Funny enough, you can actually do this in the new dplyr using rowwise
.
The intution here is to tranpose the dataframe and think of price
, carat
and n
as rows.
Then we can add a rowwise
summary, tranpose back and get our total row!

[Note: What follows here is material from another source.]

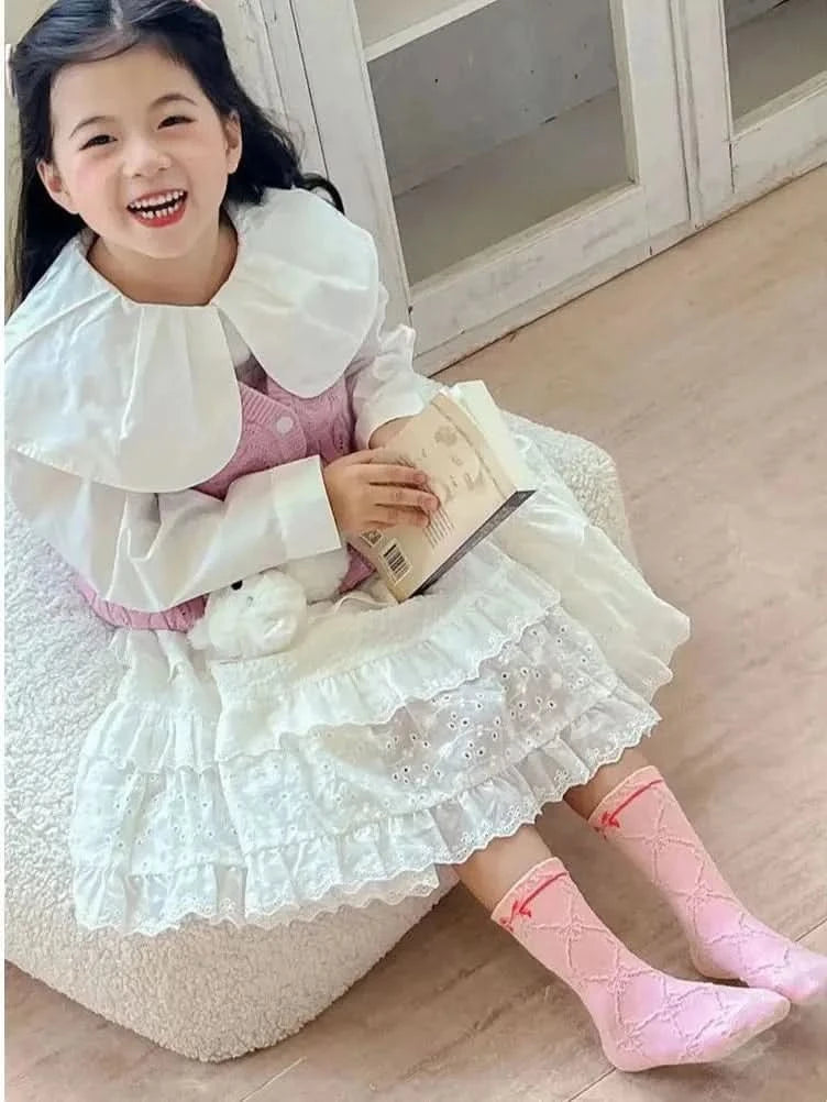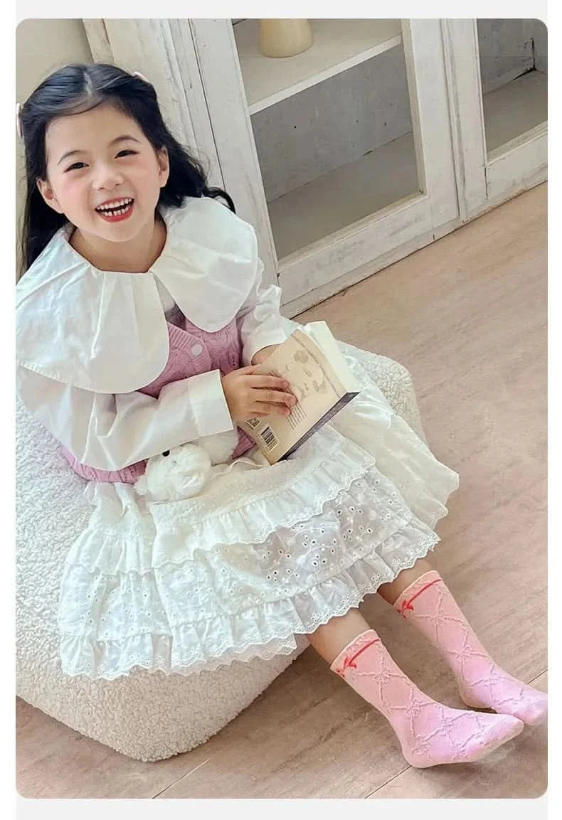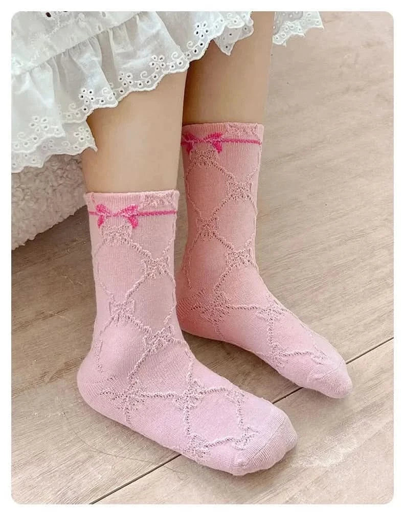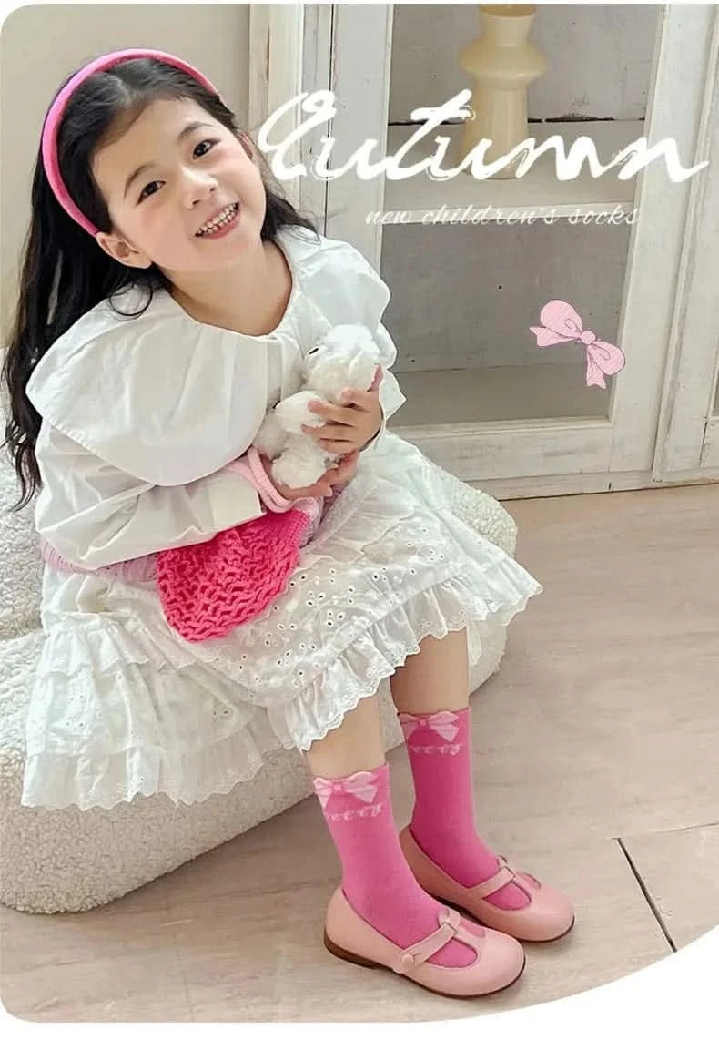Sweet Rosy Bowknot Spring Girls Socks - 5 Pairs Kids Calf Cotton Children Socks

So we start by transposing the dataframe:
transpose_df <- function(x, col, name) {
x %>%
pivot_longer(-{{ col }}, names_to = name) %>%
pivot_wider(names_from = {{ col }})
}
diamonds_sum %>%
transpose_df(cut, "feature")
## # A tibble: 3 x 6
## feature Fair Good Ideal Premium `Very Good`
## <chr> <int> <int> <int> <int> <int>
## 1 price 7017600 19275009 74513487 63221498 48107623
## 2 carat 185 199 232 251 231
## 3 n 1610 4906 21551 13791 12082
Then use rowwise
to add a summary column for each feature:
diamonds_sum %>%
transpose_df(cut, "feature") %>%
rowwise(feature) %>%
mutate(total = sum(c_across()))
## # A tibble: 3 x 7
## # Rowwise: feature
## feature Fair Good Ideal Premium `Very Good` total
## <chr> <int> <int> <int> <int> <int> <int>
## 1 price 7017600 19275009 74513487 63221498 48107623 212135217
## 2 carat 185 199 232 251 231 1098
## 3 n 1610 4906 21551 13791 12082 53940
Then we can transpose again to get back to our original shape:
diamonds_sum %>%
transpose_df(cut, "feature") %>%
rowwise(feature) %>%
mutate(total = sum(c_across())) %>%
transpose_df(feature, "cut")
## # A tibble: 6 x 4
## cut price carat n
## <chr> <int> <int> <int>
## 1 Fair 7017600 185 1610
## 2 Good 19275009 199 4906
## 3 Ideal 74513487 232 21551
## 4 Premium 63221498 251 13791
## 5 Very Good 48107623 231 12082
## 6 total 212135217 1098 53940
This is also instructive to see how we can tranpose data using
the pivot_*
family of functions, and why it’s not so straight-forward to
arbitrarily tranpose data. It’s easy to lose information!